Transferring Knowledge with Source Selection to Learn IR Functions on Unlabeled Collections

Parantapa Goswami, Massih-Reza Amini and Eric Gaussier
Laboratoire d'Informatique de Grenoble
Université Joseph Fourier, Grenoble, France

We investigate the problem of learning an IR function on a collection without relevance judgements (called target collection) by transferring knowledge from a selected source collection with relevance judgements. To do so, we first construct, for each query in the target collection, relative relevance judgment pairs using information from the source collection closest to the query (selection and transfer steps), and then learn an IR function from the obtained pairs in the target collection (self-learning step). For the transfer step, the relevance information in the source collection is summarized as a grid that provides, for each term frequency and document frequency values of a word in a document, an empirical estimate of the relevance of the document.
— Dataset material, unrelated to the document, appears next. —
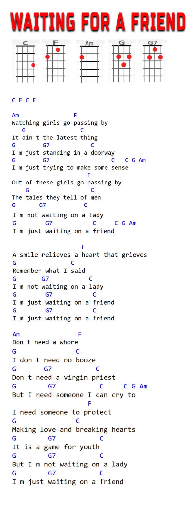 C, F, Am, G, G7

The self-learning step iteratively assigns pairwise preferences to documents in the target collection using the scores of the former learned function. We show the effectiveness of our approach through a series of extensive experiments on CLEF-3 and several collections from TREC used either as target or source datasets. Our experiments show the importance of selecting the source collection prior to transfer information to the target collection, and demonstrate that the proposed approach yields results consistently and significantly above state-of-the-art IR functions.